**INPUT MATERIAL**
· · · · · · ·
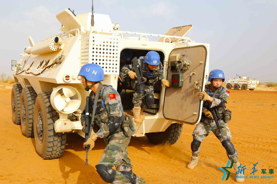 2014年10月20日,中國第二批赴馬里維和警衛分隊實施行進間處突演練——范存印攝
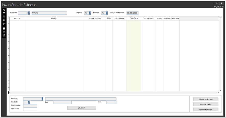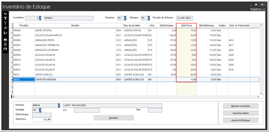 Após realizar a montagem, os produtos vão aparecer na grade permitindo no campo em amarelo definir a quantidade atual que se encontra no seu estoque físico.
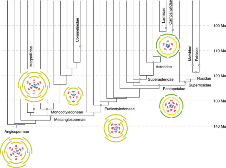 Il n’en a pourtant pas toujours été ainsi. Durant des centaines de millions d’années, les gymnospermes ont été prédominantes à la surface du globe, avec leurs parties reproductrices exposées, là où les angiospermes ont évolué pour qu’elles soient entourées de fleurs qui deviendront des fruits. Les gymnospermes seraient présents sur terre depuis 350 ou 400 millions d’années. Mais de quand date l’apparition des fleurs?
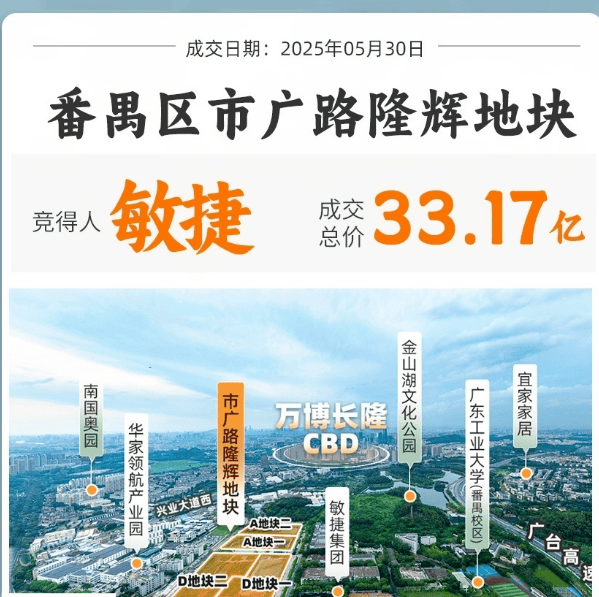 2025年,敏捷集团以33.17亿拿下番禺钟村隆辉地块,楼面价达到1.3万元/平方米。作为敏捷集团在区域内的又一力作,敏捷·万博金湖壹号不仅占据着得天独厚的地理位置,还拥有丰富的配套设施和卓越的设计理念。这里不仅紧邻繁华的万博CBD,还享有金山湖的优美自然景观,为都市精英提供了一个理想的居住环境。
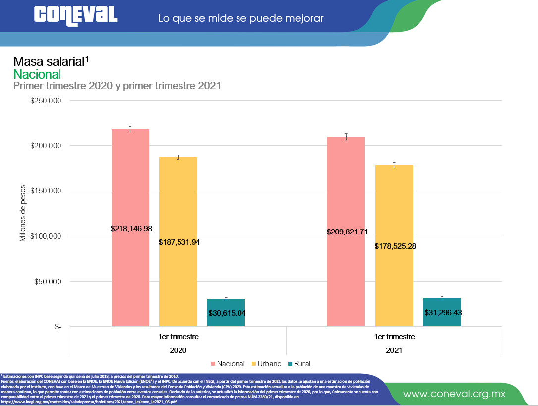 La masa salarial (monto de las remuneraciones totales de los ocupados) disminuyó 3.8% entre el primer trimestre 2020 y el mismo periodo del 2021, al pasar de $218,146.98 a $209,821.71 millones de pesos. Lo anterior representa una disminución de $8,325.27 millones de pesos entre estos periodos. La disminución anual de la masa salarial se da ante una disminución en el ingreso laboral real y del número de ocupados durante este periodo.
· · · · · · ·
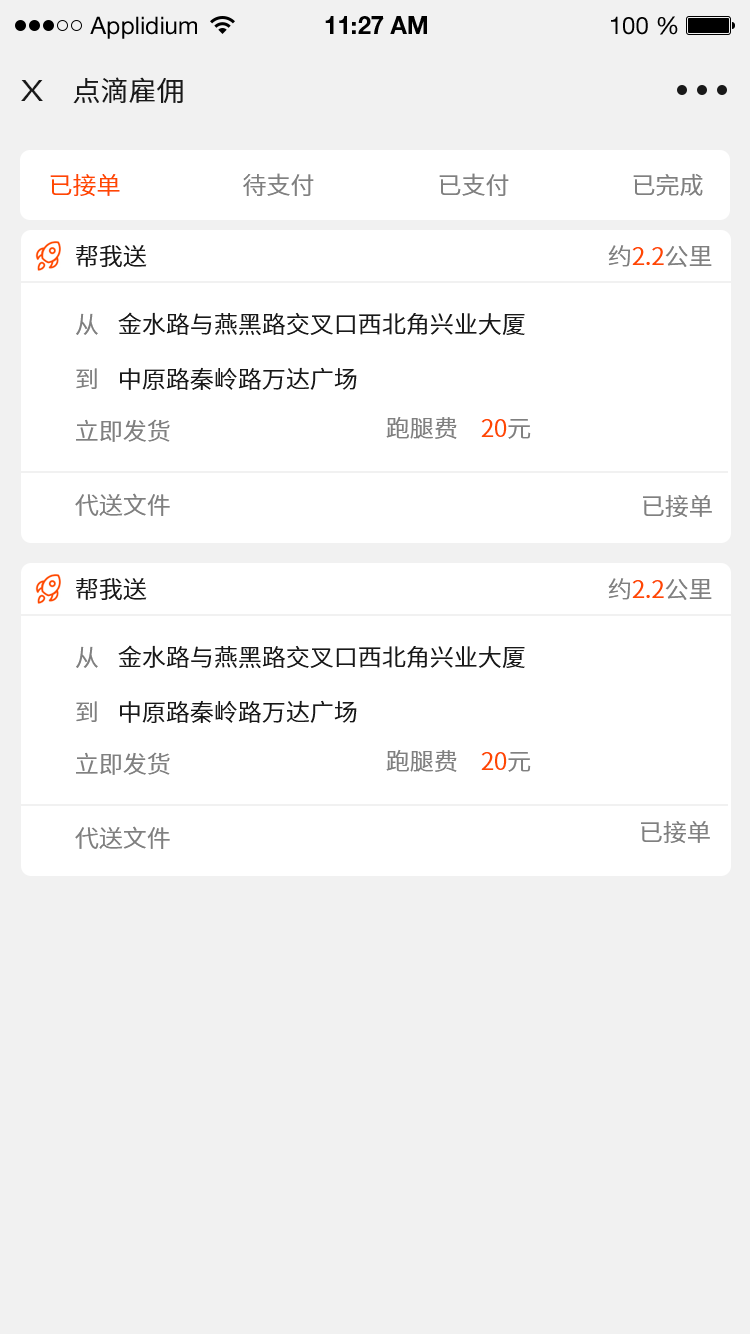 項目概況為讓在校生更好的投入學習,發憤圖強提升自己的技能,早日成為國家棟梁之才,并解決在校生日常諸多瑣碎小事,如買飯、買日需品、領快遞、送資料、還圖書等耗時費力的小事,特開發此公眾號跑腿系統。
· · · · · · ·
In the records above, find the line with "2014年10月20日,中國". Print exactly from there through the line with "Após realizar a", minus the pictures.

 2014年10月20日,中國第二批赴馬里維和警衛分隊實施行進間處突演練——范存印攝
 Após realizar a montagem, os produtos vão aparecer na grade permitindo no campo em amarelo definir a quantidade atual que se encontra no seu estoque físico.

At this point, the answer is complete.